• **Exercise aim**:
Keep the wording of every entry intact in your copy, and omit the pictures.

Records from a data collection
########

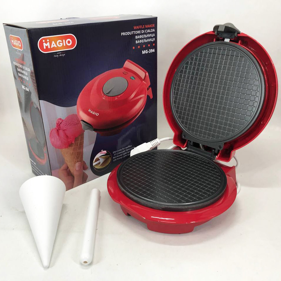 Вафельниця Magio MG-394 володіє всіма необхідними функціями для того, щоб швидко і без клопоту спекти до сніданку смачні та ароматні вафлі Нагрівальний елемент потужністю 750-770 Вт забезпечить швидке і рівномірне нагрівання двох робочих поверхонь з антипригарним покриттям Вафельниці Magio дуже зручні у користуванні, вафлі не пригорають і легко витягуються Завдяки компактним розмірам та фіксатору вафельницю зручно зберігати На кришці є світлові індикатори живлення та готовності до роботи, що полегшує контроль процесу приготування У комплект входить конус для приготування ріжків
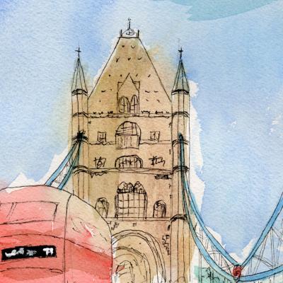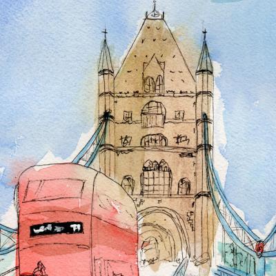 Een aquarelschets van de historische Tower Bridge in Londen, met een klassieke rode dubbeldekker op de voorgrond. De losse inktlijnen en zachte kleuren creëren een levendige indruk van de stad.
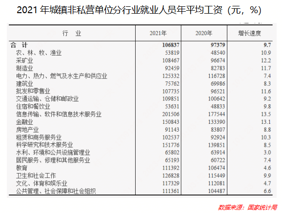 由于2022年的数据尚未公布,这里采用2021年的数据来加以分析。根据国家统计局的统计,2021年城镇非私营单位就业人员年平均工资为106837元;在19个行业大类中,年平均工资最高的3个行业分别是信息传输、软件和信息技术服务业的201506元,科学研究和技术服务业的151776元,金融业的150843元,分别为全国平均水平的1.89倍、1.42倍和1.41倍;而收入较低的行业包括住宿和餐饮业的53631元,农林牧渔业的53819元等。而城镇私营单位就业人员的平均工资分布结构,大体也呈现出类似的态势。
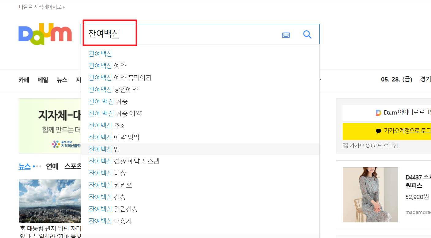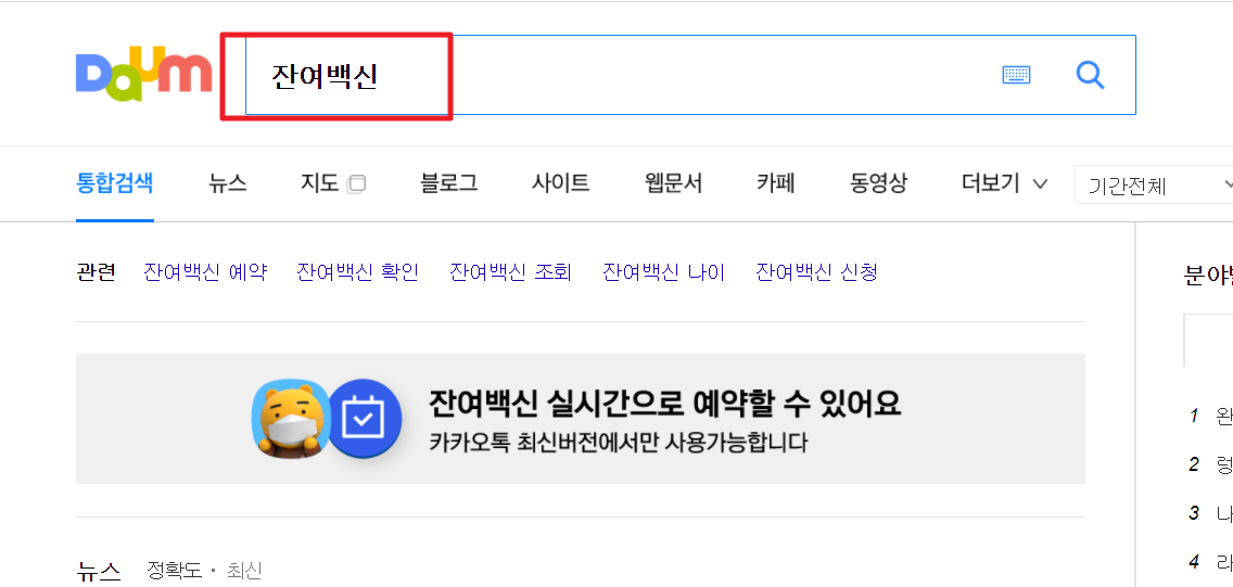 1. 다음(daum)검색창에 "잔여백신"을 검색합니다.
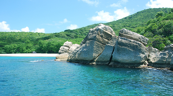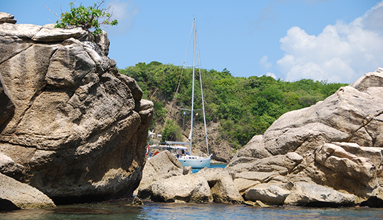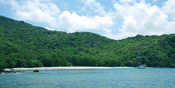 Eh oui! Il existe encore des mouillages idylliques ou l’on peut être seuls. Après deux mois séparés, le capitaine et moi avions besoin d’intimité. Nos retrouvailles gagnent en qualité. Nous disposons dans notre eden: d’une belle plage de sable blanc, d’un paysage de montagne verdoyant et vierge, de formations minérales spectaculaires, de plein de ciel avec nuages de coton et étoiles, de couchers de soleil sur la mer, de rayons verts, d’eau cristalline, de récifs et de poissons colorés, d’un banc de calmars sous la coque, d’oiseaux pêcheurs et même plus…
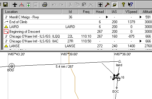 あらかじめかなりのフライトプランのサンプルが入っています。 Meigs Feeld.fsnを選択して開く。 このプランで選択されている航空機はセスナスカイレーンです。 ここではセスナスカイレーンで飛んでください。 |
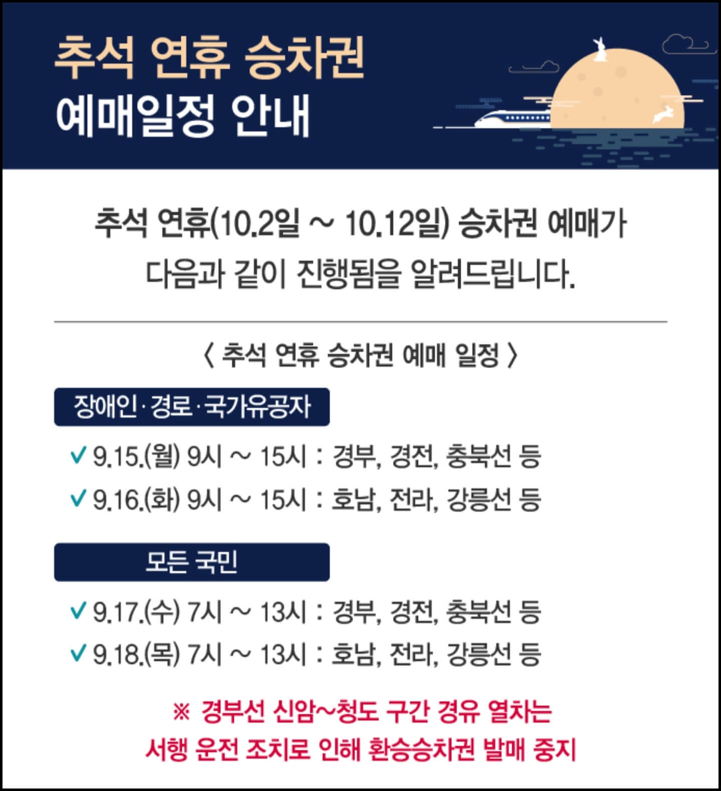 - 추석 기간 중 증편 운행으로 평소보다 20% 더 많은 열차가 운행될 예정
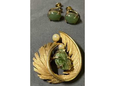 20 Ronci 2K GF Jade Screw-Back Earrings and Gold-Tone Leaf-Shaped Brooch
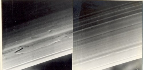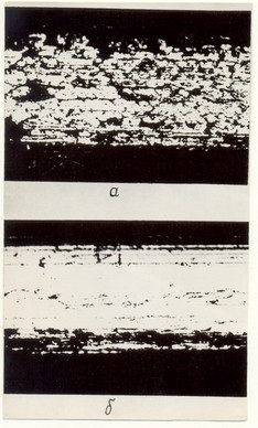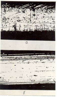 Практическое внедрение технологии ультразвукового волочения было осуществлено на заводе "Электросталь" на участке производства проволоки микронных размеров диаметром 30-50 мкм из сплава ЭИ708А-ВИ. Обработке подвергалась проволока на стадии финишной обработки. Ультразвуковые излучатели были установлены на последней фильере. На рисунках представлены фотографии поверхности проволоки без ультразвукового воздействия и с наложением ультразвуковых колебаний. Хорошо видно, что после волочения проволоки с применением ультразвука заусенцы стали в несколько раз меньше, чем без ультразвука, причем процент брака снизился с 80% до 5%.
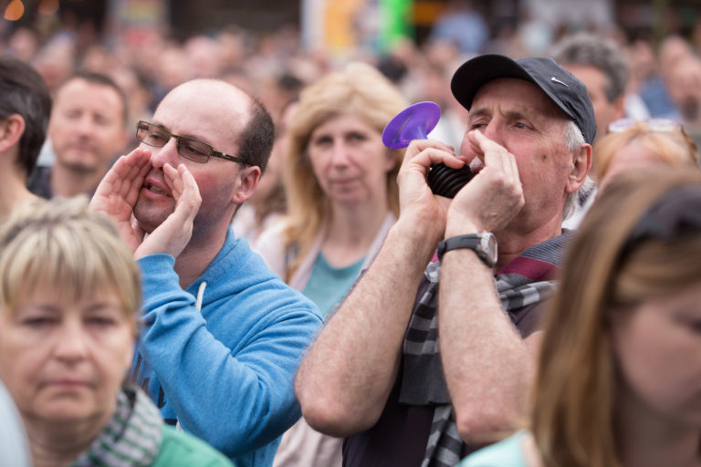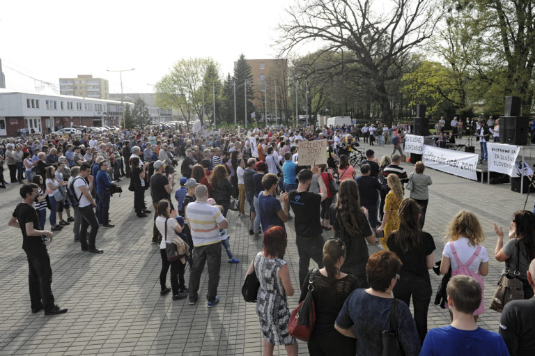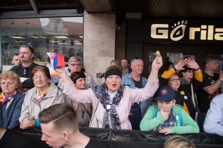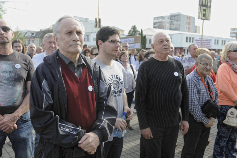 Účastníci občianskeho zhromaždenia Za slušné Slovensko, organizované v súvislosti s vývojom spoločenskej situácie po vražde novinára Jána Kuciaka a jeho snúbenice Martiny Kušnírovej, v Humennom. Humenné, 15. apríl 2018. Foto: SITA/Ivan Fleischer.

########

• **Your solution**:
 Вафельниця Magio MG-394 володіє всіма необхідними функціями для того, щоб швидко і без клопоту спекти до сніданку смачні та ароматні вафлі Нагрівальний елемент потужністю 750-770 Вт забезпечить швидке і рівномірне нагрівання двох робочих поверхонь з антипригарним покриттям Вафельниці Magio дуже зручні у користуванні, вафлі не пригорають і легко витягуються Завдяки компактним розмірам та фіксатору вафельницю зручно зберігати На кришці є світлові індикатори живлення та готовності до роботи, що полегшує контроль процесу приготування У комплект входить конус для приготування ріжків
 Een aquarelschets van de historische Tower Bridge in Londen, met een klassieke rode dubbeldekker op de voorgrond. De losse inktlijnen en zachte kleuren creëren een levendige indruk van de stad.
 由于2022年的数据尚未公布,这里采用2021年的数据来加以分析。根据国家统计局的统计,2021年城镇非私营单位就业人员年平均工资为106837元;在19个行业大类中,年平均工资最高的3个行业分别是信息传输、软件和信息技术服务业的201506元,科学研究和技术服务业的151776元,金融业的150843元,分别为全国平均水平的1.89倍、1.42倍和1.41倍;而收入较低的行业包括住宿和餐饮业的53631元,农林牧渔业的53819元等。而城镇私营单位就业人员的平均工资分布结构,大体也呈现出类似的态势。
 1. 다음(daum)검색창에 "잔여백신"을 검색합니다.
 Eh oui! Il existe encore des mouillages idylliques ou l’on peut être seuls. Après deux mois séparés, le capitaine et moi avions besoin d’intimité. Nos retrouvailles gagnent en qualité. Nous disposons dans notre eden: d’une belle plage de sable blanc, d’un paysage de montagne verdoyant et vierge, de formations minérales spectaculaires, de plein de ciel avec nuages de coton et étoiles, de couchers de soleil sur la mer, de rayons verts, d’eau cristalline, de récifs et de poissons colorés, d’un banc de calmars sous la coque, d’oiseaux pêcheurs et même plus…
 あらかじめかなりのフライトプランのサンプルが入っています。 Meigs Feeld.fsnを選択して開く。 このプランで選択されている航空機はセスナスカイレーンです。 ここではセスナスカイレーンで飛んでください。 |
 - 추석 기간 중 증편 운행으로 평소보다 20% 더 많은 열차가 운행될 예정
 20 Ronci 2K GF Jade Screw-Back Earrings and Gold-Tone Leaf-Shaped Brooch
 Практическое внедрение технологии ультразвукового волочения было осуществлено на заводе "Электросталь" на участке производства проволоки микронных размеров диаметром 30-50 мкм из сплава ЭИ708А-ВИ. Обработке подвергалась проволока на стадии финишной обработки. Ультразвуковые излучатели были установлены на последней фильере. На рисунках представлены фотографии поверхности проволоки без ультразвукового воздействия и с наложением ультразвуковых колебаний. Хорошо видно, что после волочения проволоки с применением ультразвука заусенцы стали в несколько раз меньше, чем без ультразвука, причем процент брака снизился с 80% до 5%.
 Účastníci občianskeho zhromaždenia Za slušné Slovensko, organizované v súvislosti s vývojom spoločenskej situácie po vražde novinára Jána Kuciaka a jeho snúbenice Martiny Kušnírovej, v Humennom. Humenné, 15. apríl 2018. Foto: SITA/Ivan Fleischer.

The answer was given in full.